S Howard1, S He, S G Withers.   

Abstract

Mannosidases play a key role in the processing of glycoproteins and thus are of considerable pharmaceutical interest and indeed have emerged as targets for the development of anti-cancer therapies. Access to useful quantities of the mammalian enzymes has not yet been achieved; therefore, jack bean mannosidase, a readily available enzyme, has become the model system. However, the relevance of this enzyme has not been demonstrated, nor is anything known about the active site structure of this, or any other, mannosidase. Hydrolysis by this enzyme occurs with net retention of sugar anomeric configuration; thus, a double displacement mechanism involving a mannosyl-enzyme intermediate is presumably involved.
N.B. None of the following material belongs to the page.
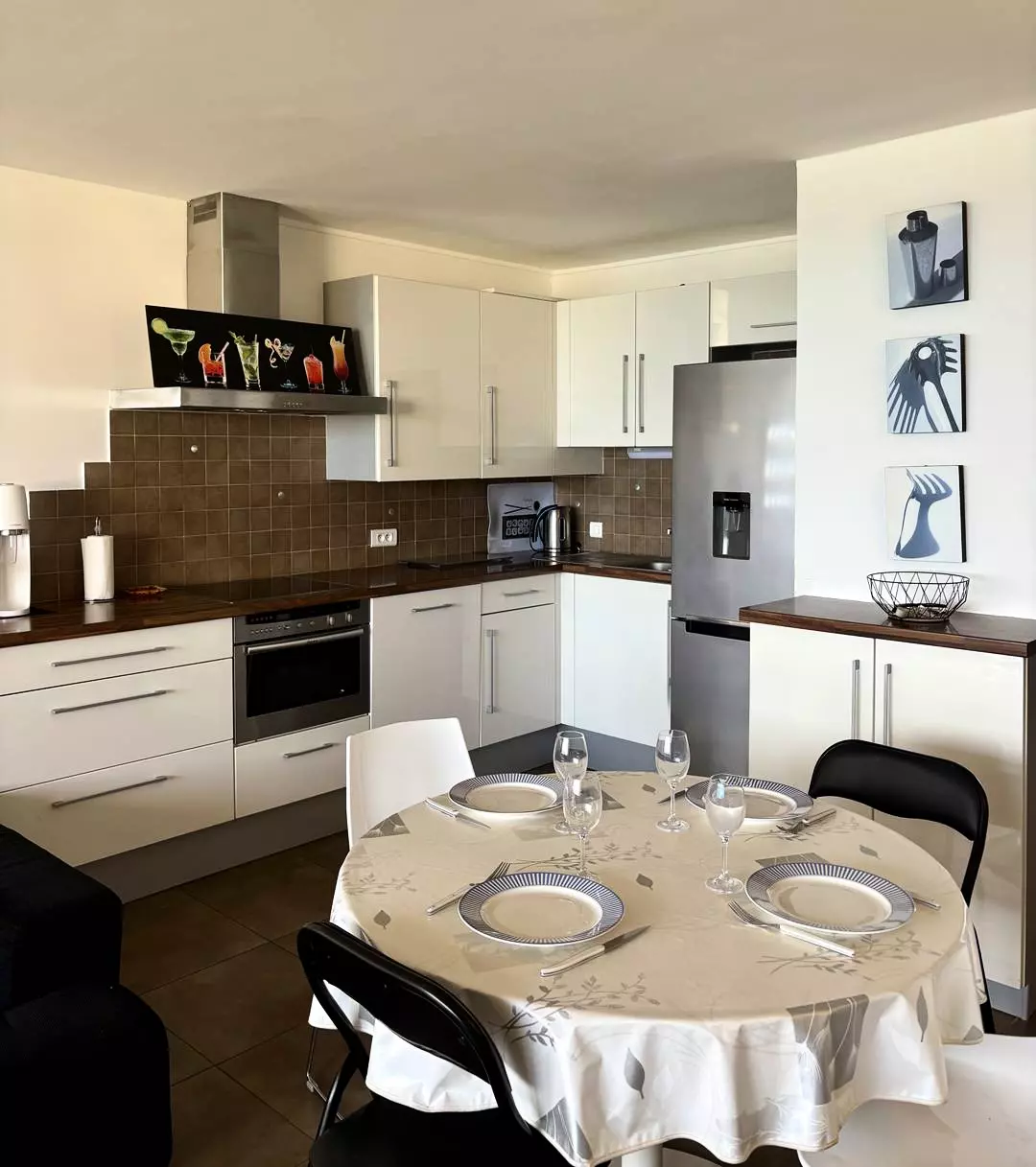Cuisine entièrement équipée : four, plaque électrique, grand réfrigérateur avec compartiment congélateur, lave-vaisselle, SodaStream, cafetières (Nespresso)

Two new mechanism-based inhibitors, 5-fluoro-alpha-D-mannosyl fluoride and 5-fluoro-beta-L-gulosyl fluoride, which function by the steady state trapping of such an intermediate, have been synthesized and tested. Both show high affinity for jack bean alpha-mannosidase (Ki' = 71 and 86 microM, respectively), and the latter has been used to label the active site nucleophile. The labeled peptide present in a peptic digest of this trapped glycosyl-enzyme intermediate was identified by neutral loss scans on an electrospray ionization triple quadrupole mass spectrometer. Comparative liquid chromatographic/mass spectrometric analysis of peptic digests of labeled and unlabeled enzyme samples confirmed the unique presence of this peptide of m/z 1180.5 in the labeled sample. The label was cleaved from the peptide by treatment with ammonia, and the resultant unlabeled peptide was purified and sequenced by Edman degradation. The peptide identified contained only one candidate for the catalytic nucleophile, an aspartic acid. This residue was contained within the sequence Gly-Trp-Gln-Ile-Asp-Pro-Phe-Gly-His-Ser, which showed excellent sequence similarity with regions in mammalian lysosomal and Golgi alpha-mannosidase sequences. These mammalian alpha-mannosidases belong to family 38 (or class II alpha-mannosidases) in which the Asp in the above sequence is totally conserved. This finding therefore assigns jack bean alpha-mannosidase to family 38, validating it as a model for other pharmaceutically interesting enzymes and thereby identifying the catalytic nucleophile within this family.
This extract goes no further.